While the court of appeals erred by declaring void the trial court's order granting Sabrepoint's TCPA motion, it correctly reversed the trial court's order granting Sabrepoint's motion for summary judgment based on collateral estoppel. Because collateral estoppel is the basis for the summary judgment motion and a basis for the TCPA motion, the doctrine's application to this case will be at issue on remand. Accordingly, in the interest of judicial efficiency, we will address its application here. See Royston, Rayzor, Vickery, & Williams, LLP v. Lopez, 467 S.W.3d 494, 499 (Tex. 2015) (“[I]n the interest of judicial economy we also consider [petitioner's] other potentially dispositive issues instead of remanding them to the court of appeals.”).

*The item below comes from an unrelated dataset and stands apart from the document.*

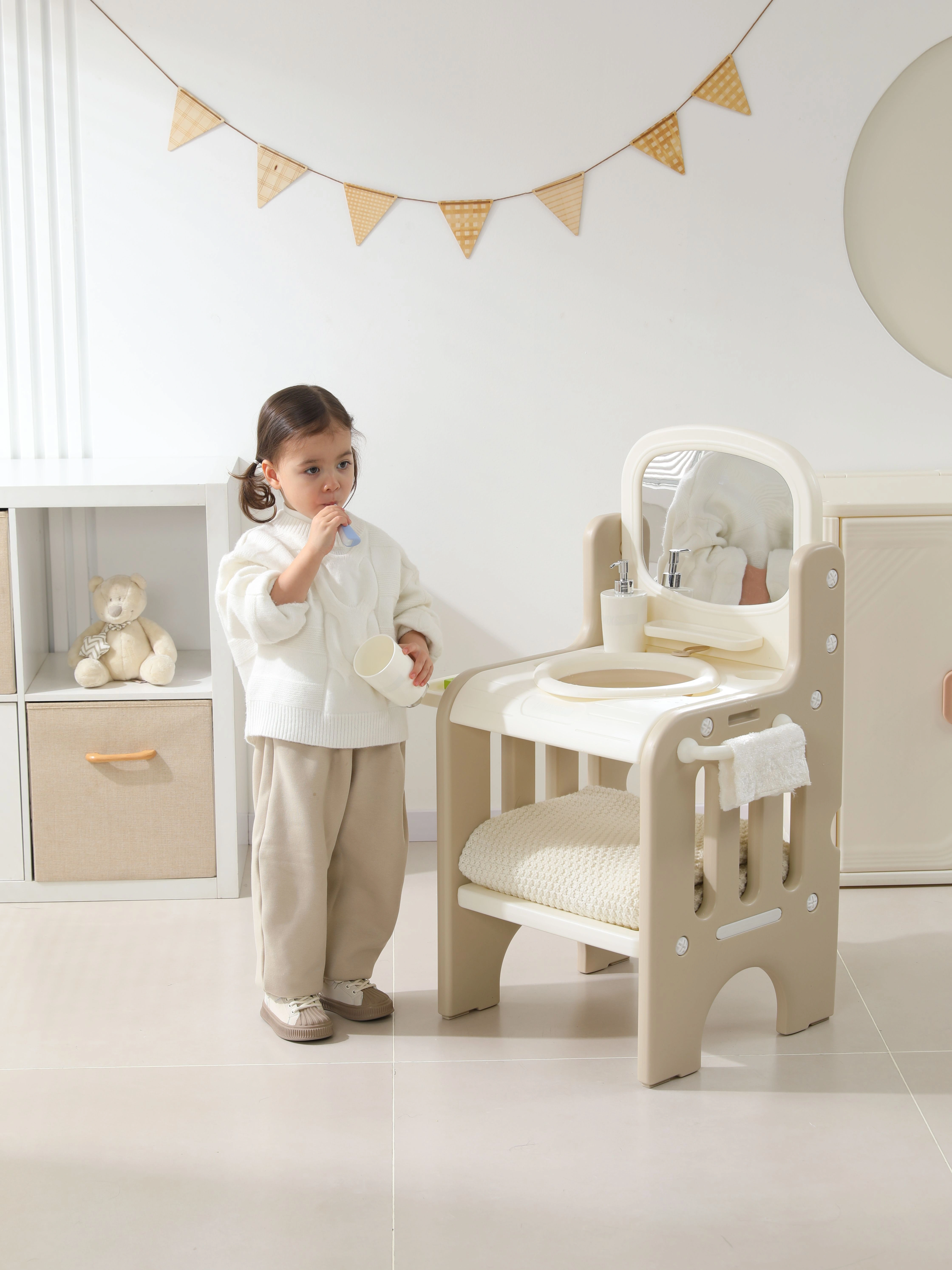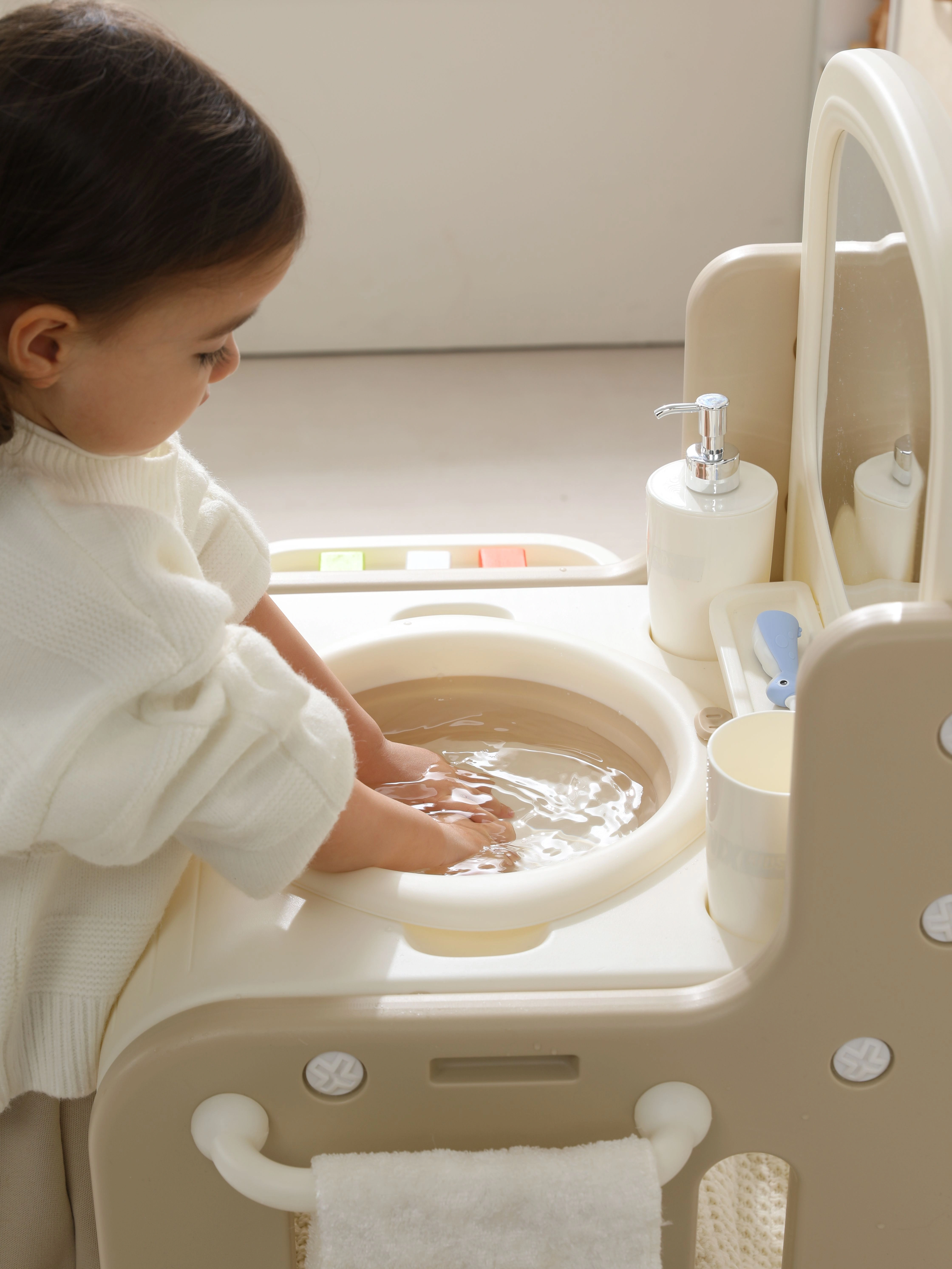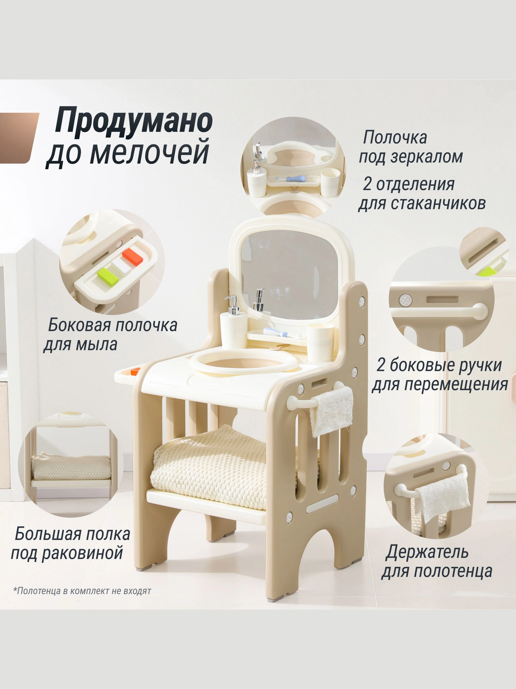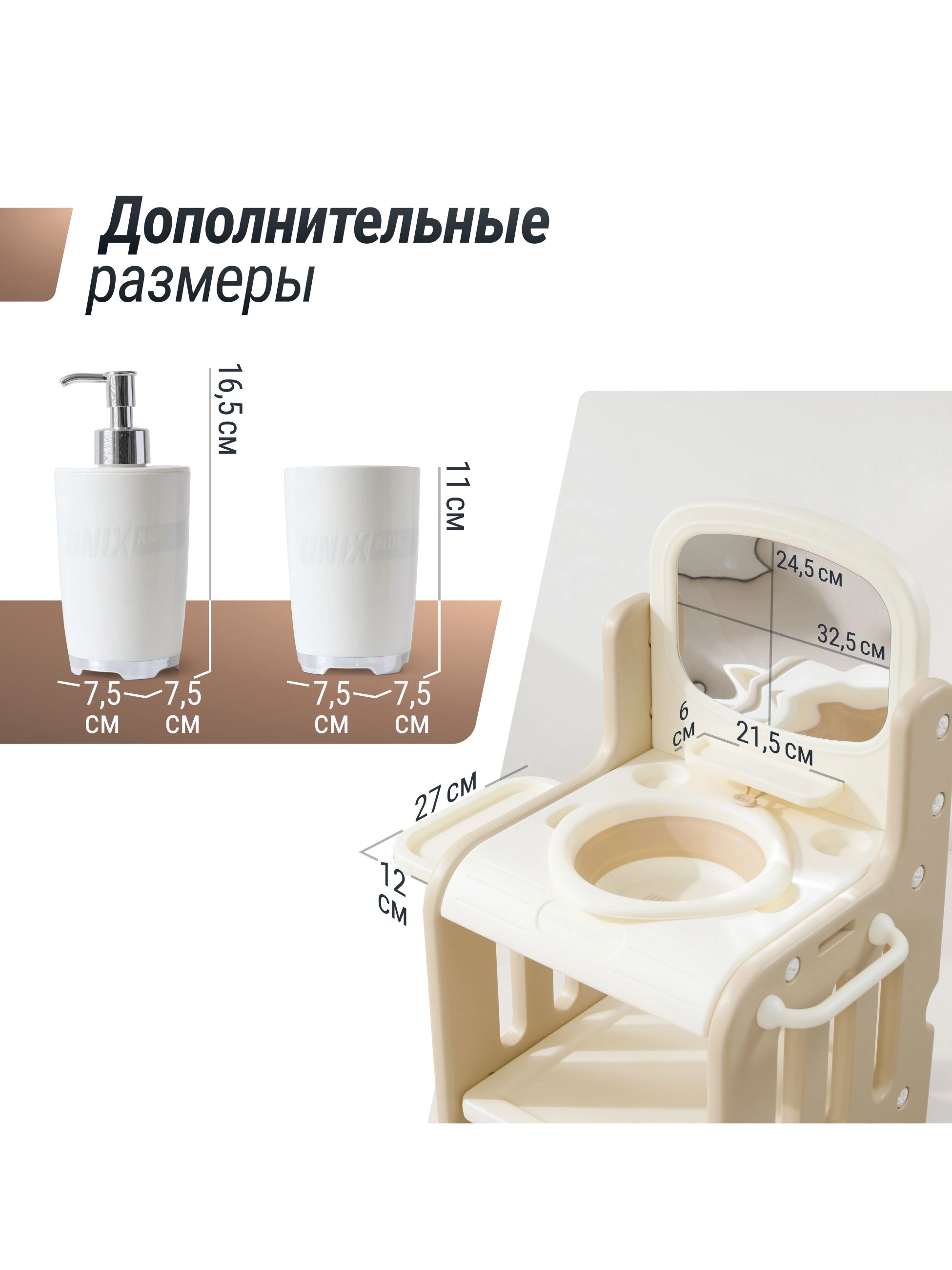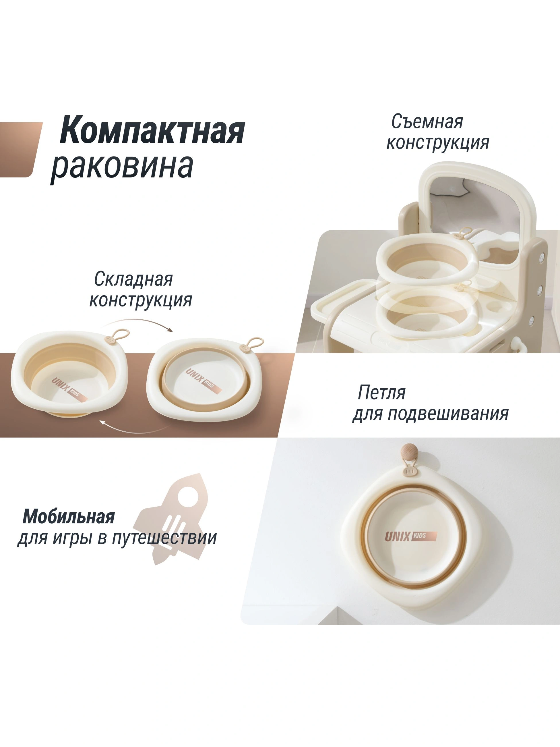 Детская развивающая игрушечная раковина UNIX Kids - прекрасный подарок для малышей. Умывальник детский разнообразит веселые игры и не оставит равнодушным ни одного юного пользователя! Маленькие исследователи известны любовью к играм с водой. Игровой умывальник можно использовать для мытья кукол или для купания игрушек. Малыш создаст свой собственный мир, ведь детская раковина может стать элементом настоящей игры в повара. Сюжетно - ролевые игры – парикмахерская для кукол или салон красоты развивают воображение, мелкую моторику и координацию, а также способствуют развитию речи, фантазии и навыков общения. Умывальник для малышей - настоящая развивающая игрушка. Игры с водой стимулируют воображение, помогая развить ребенку креативность. Рукомойник для детей Мойдодыр - прекрасный инструмент для обучения малышей, благодаря которому ребенок будет осваивать навыки личной гигиены. Пользуясь рукомойником, малыш сможет наблюдать за собой в безопасное зеркало. Аксессуары для личной гигиены – стаканчик для зубных щеток и мыла сделаны из качественных материалов. Продуман держатель для полотенец и открытая полочка под раковиной для игрушек, куда можно сложить детские вещи, игровые принадлежности и полотенца. Благодаря реалистичным аксессуарам, обучение ненавязчиво превратится в игру. Как и вся продукция UNIX Kids, раковина детская для игр с водой изготовлена из пищевого пластика и имеет сертификацию. Пищевой пластик гипоаллергенен, не имеет запаха и абсолютно безопасен для маленьких пользователей. Детский умывальник не подвержен UV-излучению, поэтому игрушка не выгорит на солнце и не потеряет свой цвет. Раковина с водой снимается со стойки и прекрасно моется, поэтому подходит для использования, как дома, так и на улице. Вы сможете брать ее с собой в дальние поездки, чтобы развлечь вашего непоседу. Сглаженные углы выполнены с большим вниманием к безопасности малыша. На ножках имеется специальное противоскользящее покрытие. Надежные шурупы помещены в углубления, не давая раскрутить их маленьким ручкам. Напольная детская раковина обладает небольшим весом и компактными размерами 46 х 43 х 92 см, благодаря чему ее легко перемещать. Развивающая игрушка UNIX Kids доставит вашему малышу бесконечное удовольствие в играх и обучении, подойдет для ванной и поможет в процессе обучения чистки зубов и умывания. Благодаря детскому умывальнику, ребенок почувствует себя, маленьким взрослым. Детский умывальник прекрасно впишется в обстановку детского сада, детской площадки, дачи, квартиры или дома. Это прекрасный подарок на день рождение, Новый год девочке и мальчику, внуку или внучке. С таким подарком, любой праздник станет незабываемым событием и сделаете малыша еще более счастливым!

“We review summary judgments de novo, taking as true all evidence favorable to the nonmovant, and indulging every reasonable inference and resolving any doubts in the nonmovant's favor.” Weekley Homes, LLC v. Paniagua, 691 S.W.3d 911, 915 (Tex. 2024) (quoting Barbara Techs. Corp. v. State Farm Lloyds, 589 S.W.3d 806, 811 (Tex. 2019)). To establish entitlement to summary judgment based on an affirmative defense—like collateral estoppel—the defendant must conclusively establish each element of its affirmative defense. Draughon v. Johnson, 631 S.W.3d 81, 87–88 (Tex. 2021). The nonmovant must then present evidence raising a fact issue. Centeq Realty, Inc. v. Siegler, 899 S.W.2d 195, 197 (Tex. 1995). We review issues of collateral estoppel de novo because collateral estoppel's application “is a question of law.” Reynolds v. Quantlab Trading Partners US, LP, 608 S.W.3d 549, 557 (Tex. App.—Houston [14th Dist.] 2020, no pet.).
Collateral estoppel, also known as issue preclusion, bars parties from relitigating identical issues of fact or law in multiple lawsuits. Van Dyke v. Boswell, O'Toole, Davis & Pickering, 697 S.W.2d 381, 384 (Tex. 1985); see also Quinney Elec., Inc. v. Kondos Ent., Inc., 988 S.W.2d 212, 213 (Tex. 1999) (“[T]he basic function of collateral estoppel [is] to prevent a party from relitigating an issue that the party previously litigated and lost.”). By focusing on the issues being litigated instead of entire claims, collateral estoppel is “more narrow” in scope than the related doctrine of res judicata or claim preclusion. Van Dyke, 697 S.W.2d at 384. Specifically, collateral estoppel prevents the same “ultimate issue of fact” from being litigated in more than one suit. Bonniwell v. Beech Aircraft Corp., 663 S.W.2d 816, 818 (Tex. 1984). In so doing, collateral estoppel promotes judicial efficiency, protects parties from multiple lawsuits, and prevents inconsistent judgments. In re USAA Gen. Indem. Co., 629 S.W.3d 878, 883 (Tex. 2021).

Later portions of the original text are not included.